They have seven more at the levels you describe. Five more at earlier levels. If you end up attacking with a battle master, have superiority dice and no way to apply them meaningfully, then that's not a weakness of the battle master. It's someone who built a very bad battle master. And with the number of maneuvers battle masters get, you'd have to actually try in order to not have options at higher levels. You'll pick up some general purpose maneuvers, even if you have no idea what you're doing.

Champion isn't undersold. It's billed as a simple subclass, straightforward and without bookkeeping, with a ceiling very close to its floor. And it's exactly that. It's the "I attack, period" subclass that deals damage. It doesn't, however, excel at it, because 5e and critfishing just don't make an effective combo without a smite's worth of extra dice. And outside of dealing damage, it offers pretty much nothing else.

The "edge cases" that favor them don't actually favor them, they just make up for their deficits. Not even that. Seriously, critfishing in 5e is bad. A champion with Flame Tongue deals 7 more damage every 20 attacks, or 14 at lv18. That's abysmal. Plug that in the situations described in mine and Vecna's posts, and you'll see that usually it's not enough to break even. You need rare weapons and a couple of buffs just to catch up in 80% of levels; pulling ahead is even harder. In practice, you never pull ahead, because even if you somehow manage more DPR through your attacks than a battle master, the fact that the battle master tripped a few enemies means that basically all attacks that end up hitting due to advantage are indirectly battle master damage. And no rare or legendary weapon is ever gonna make up for that.

And the whole "Champion gets more mileage out of certain buffs" is counterintuitive.

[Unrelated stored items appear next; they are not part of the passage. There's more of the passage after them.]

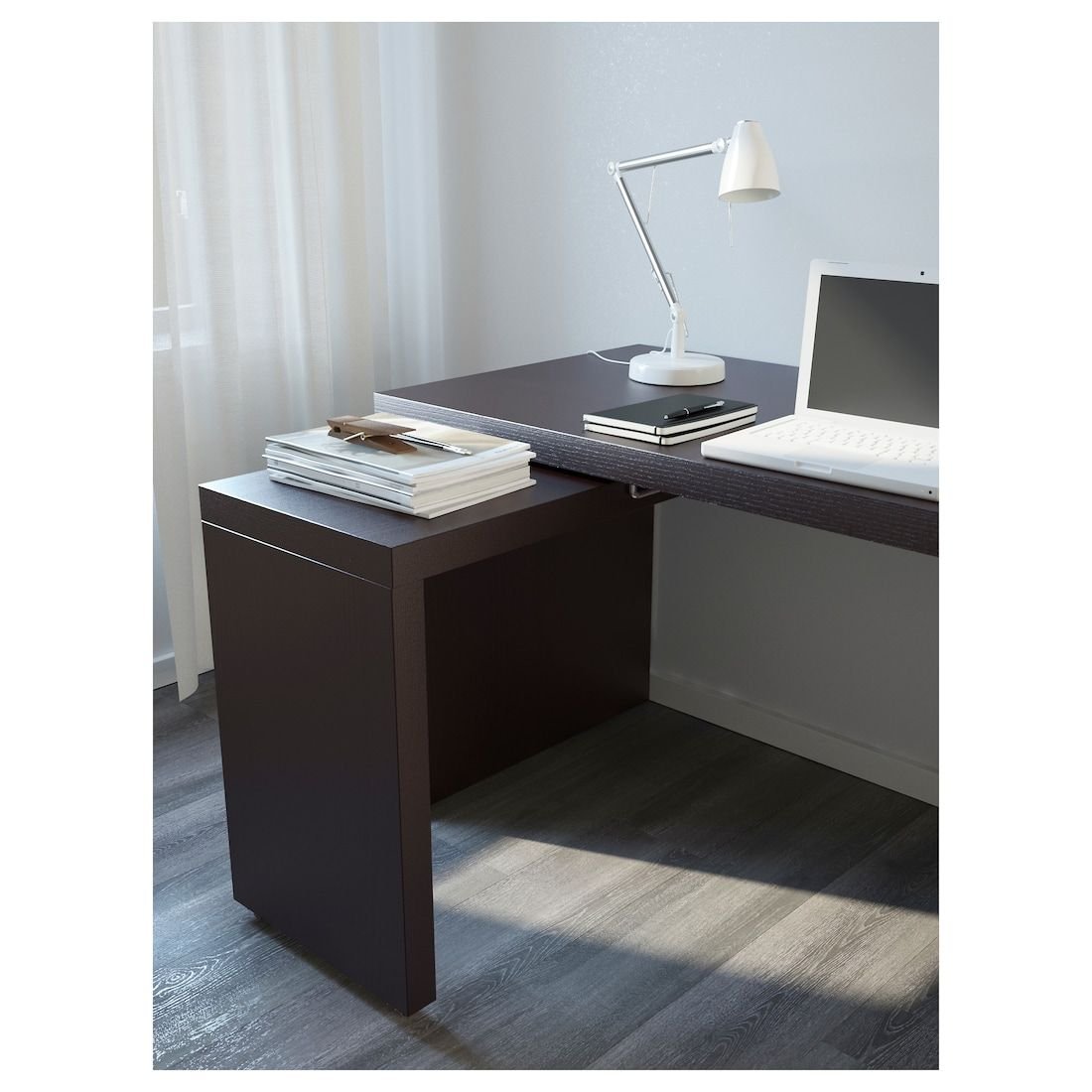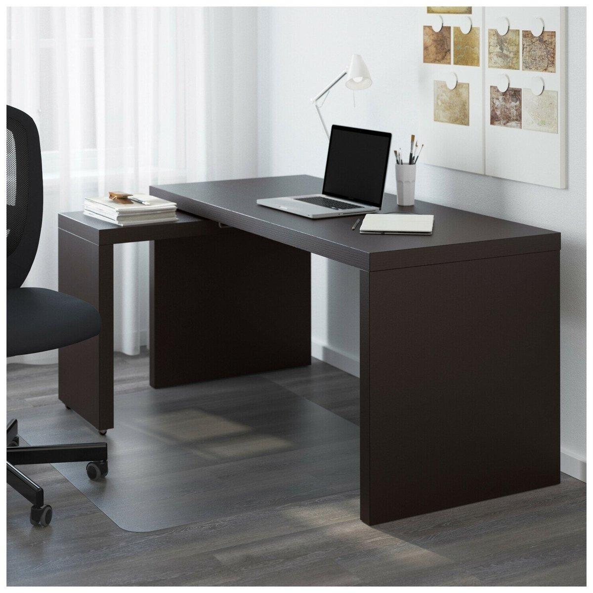 МАЛЬМ письменный стол с выдвижной панелью, черно-коричневый151x65 см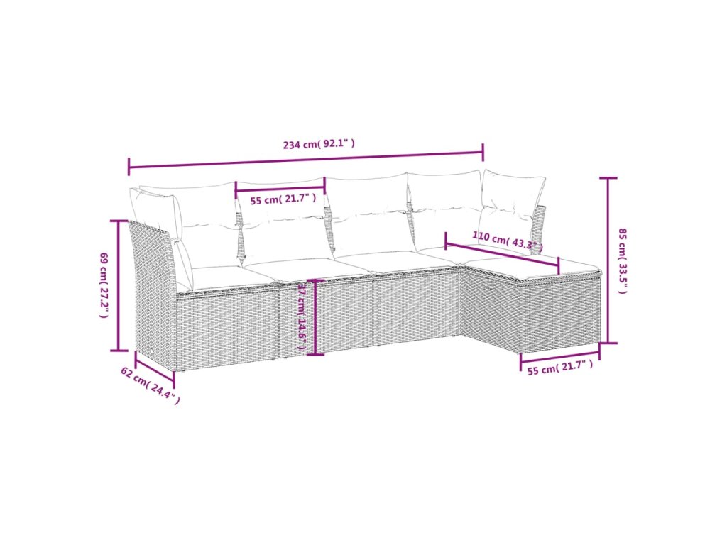 Tato zahradní sedací souprava je dokonalým doplňkem vaší zahrady, terasy nebo dvorku a poskytne vám pohodlné a příjemné místo, kde si můžete povídat s rodinou a přáteli nebo jen tak odpočívat a užívat si pobyt venku.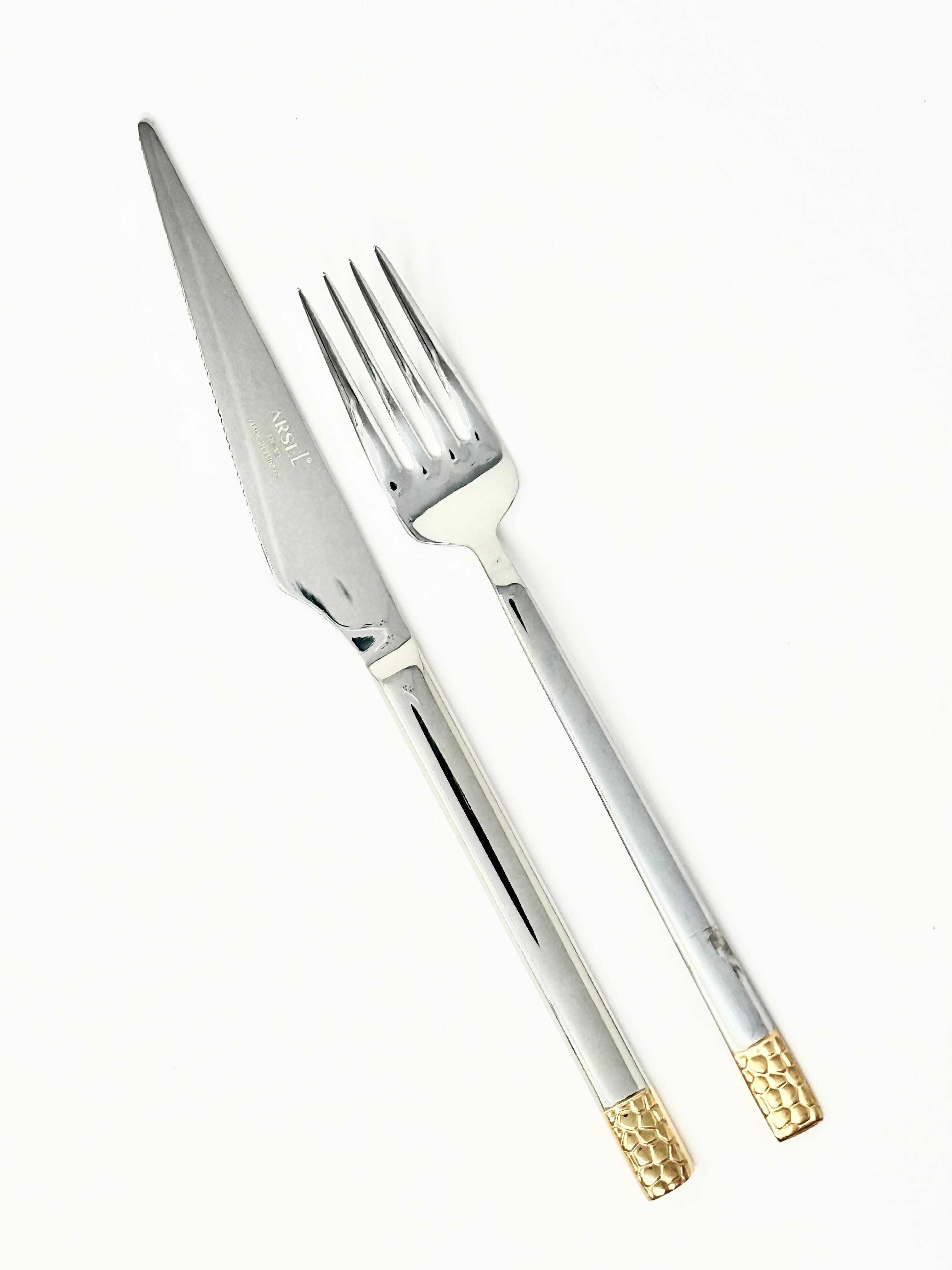 This refined 12 pcs dessert cutlery set is designed to bring elegance and harmony to your table. perfect for 6 people crafted with attention to detail, each knife and fork offers a perfect balance of style and comfort. its sleek silhouette and polished finish make it ideal for serving cakes, pastries, and sweet treats with sophistication.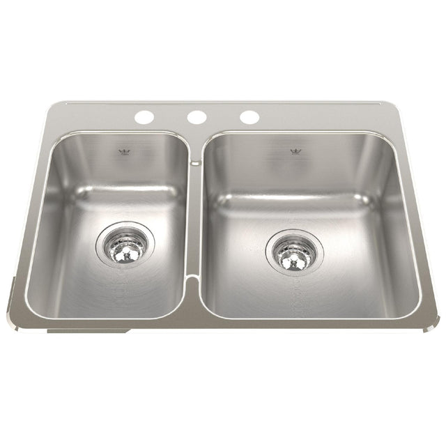 KINDRED QCLA2027L-8-3N Steel Queen 27.25-in LR x 20.56-in FB x 8-in DP Drop In Double Bowl 3-Hole Stainless Steel Kitchen Sink In Satin Finished Bowls with Mirror Finished Rim

The subclass which supposedly has no resources, which never needs to rest, the subclass that can always keep going, actually ends up draining resources faster, because it needs those resources to come fully online, while another fighter subclass wouldn't deplete said party resources as fast because they can do on their own what the champion does with help. Besides, spells and concentration are much more valuable and hard to replenish resources than maneuvers. Like LudicSavant said, the champion is playing catch-up and paying off debt. And not very successfully.

And all the above is just covering DPR. But the champion also comes up short in other fields. See Ludic's post.

Champion just can't compare to most fighter subclasses. It's not there to compare with other fighter subclasses. It's there for the new player's first character, so that the new player can focus on getting used to the system without worrying about forgetting or mismanaging resources they haven't yet grasped. It's there for someone who doesn't want to bother with any bookkeeping or doesn't care about effectiveness much, they just want to contribute somewhat decently with little effort. It's not there to be a winner, and it can't be a winner.

stoutstien
2020-04-30, 05:56 PM
For tables that want more PCs and have a lack of players, something that I think is increasingly common lately, it makes a good second character. Even the newest player can handle a champion Patsy.

MaxWilson
2020-04-30, 06:07 PM
For tables that want more PCs and have a lack of players, something that I think is increasingly common lately, it makes a good second character. Even the newest player can handle a champion Patsy.

So does a Cavalier.

stoutstien
2020-04-30, 06:10 PM
So does a Cavalier.

They have a few more buttons and toggles to handle but yes I agree. I would add most fighters onto the list honestly. Champion is just the easiest one run as a sidekick.

Sherlockpwns
2020-04-30, 06:34 PM
I for one love the champion's design, even though I have admittedly never played one. It actually strikes an incredible balance between two things and people focus WAY too much on one of them.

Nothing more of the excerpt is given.